What is expected:
The answer must be the full data, restated word for word, with no pictures in it.

Available data:
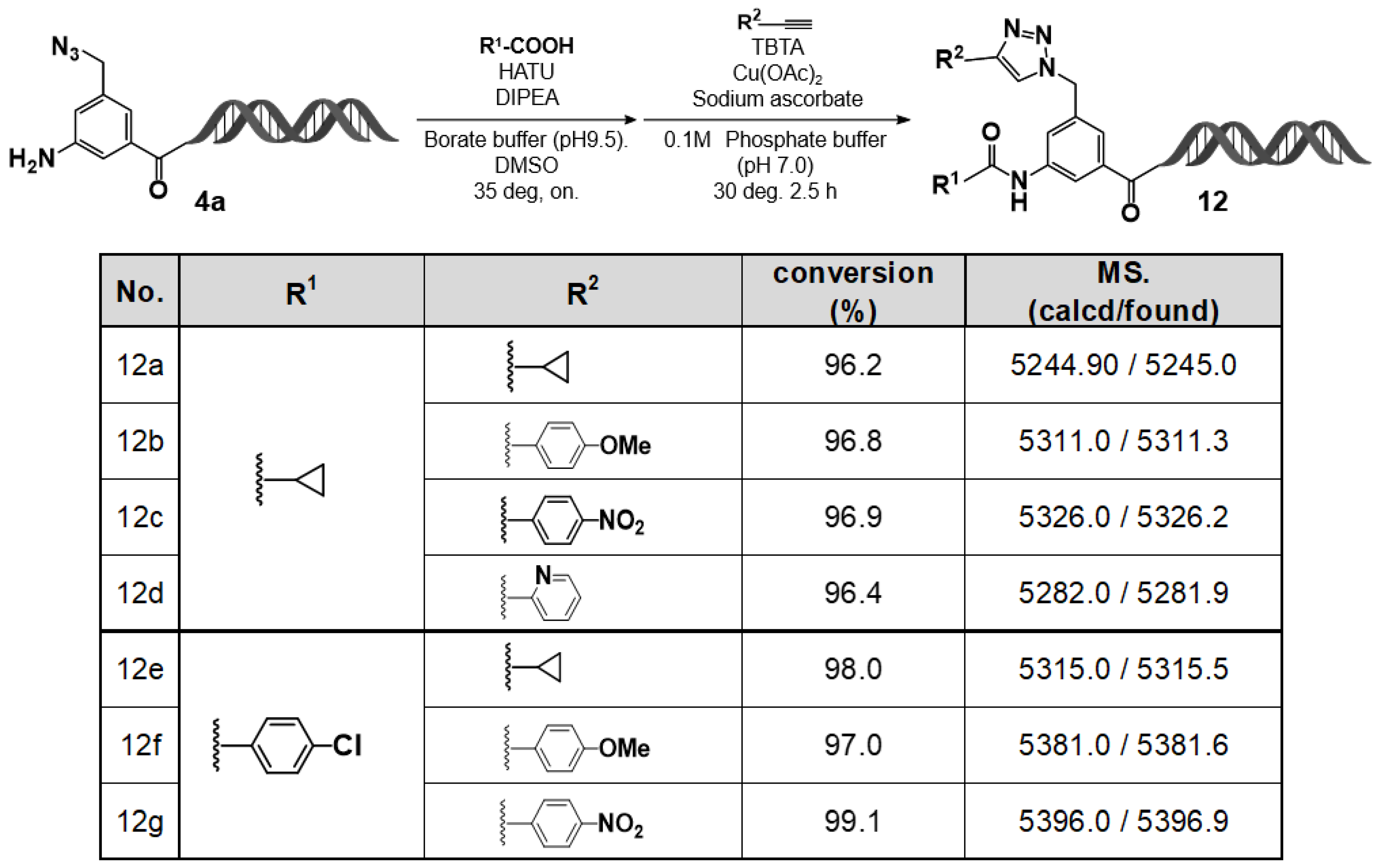 Figure 8. Two-step diversification of on–DNA amino intermediate via HATU–mediated amidation and CuAAC: substrate scope and LC/MS analysis (12a12g). On–DNA amidation followed by CuAAC produced 12a12g with high conversions. LC/MS verified the expected masses (calcd/found).
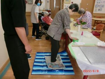 普段、足取りがゆっくりな方も、スタッフと一緒に力強く踏んでもみ込んでいただきました。
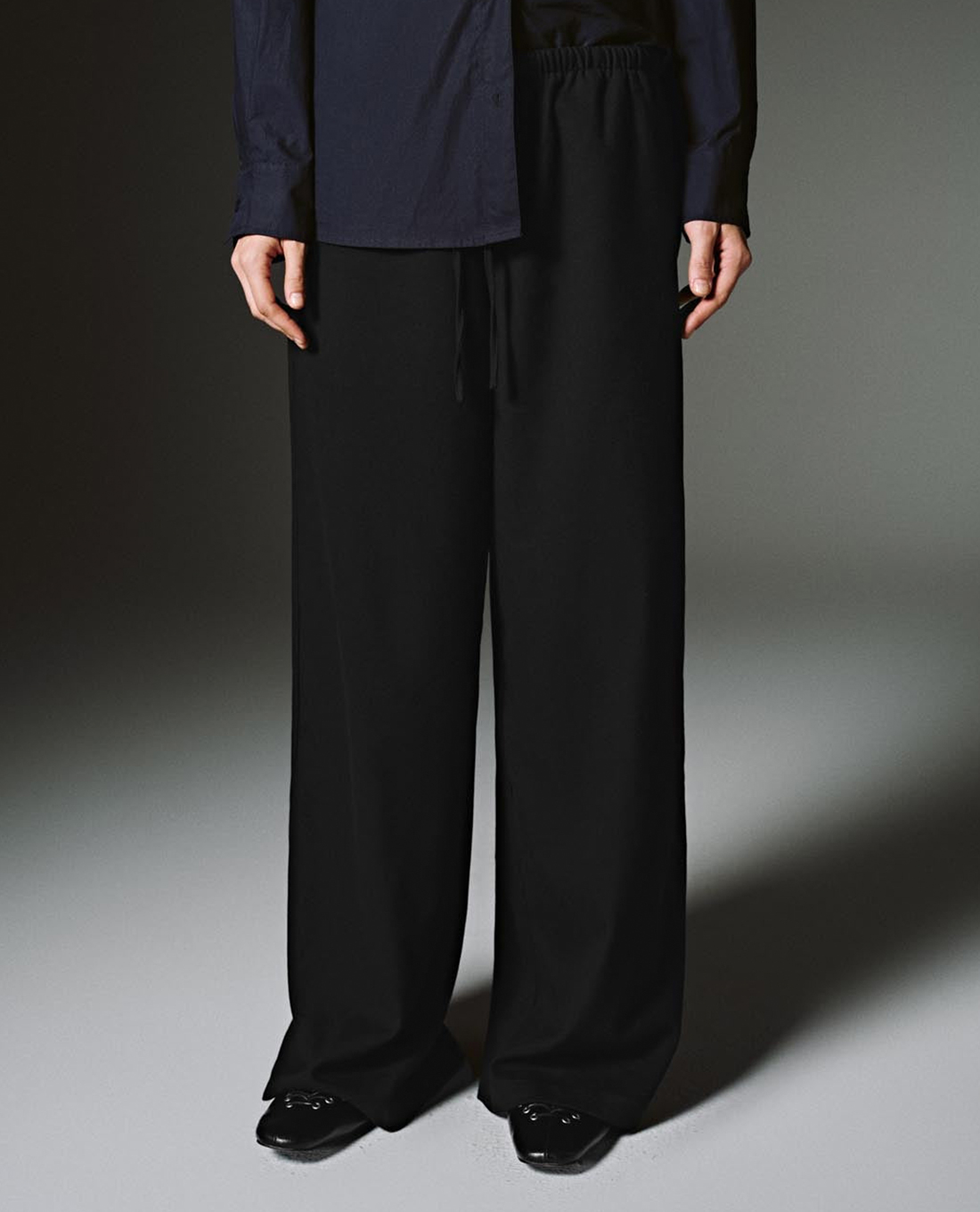 Quần nữ ống rộng lưng thun phối dây rút

Answer below:
 Figure 8. Two-step diversification of on–DNA amino intermediate via HATU–mediated amidation and CuAAC: substrate scope and LC/MS analysis (12a12g). On–DNA amidation followed by CuAAC produced 12a12g with high conversions. LC/MS verified the expected masses (calcd/found).
 普段、足取りがゆっくりな方も、スタッフと一緒に力強く踏んでもみ込んでいただきました。
 Quần nữ ống rộng lưng thun phối dây rút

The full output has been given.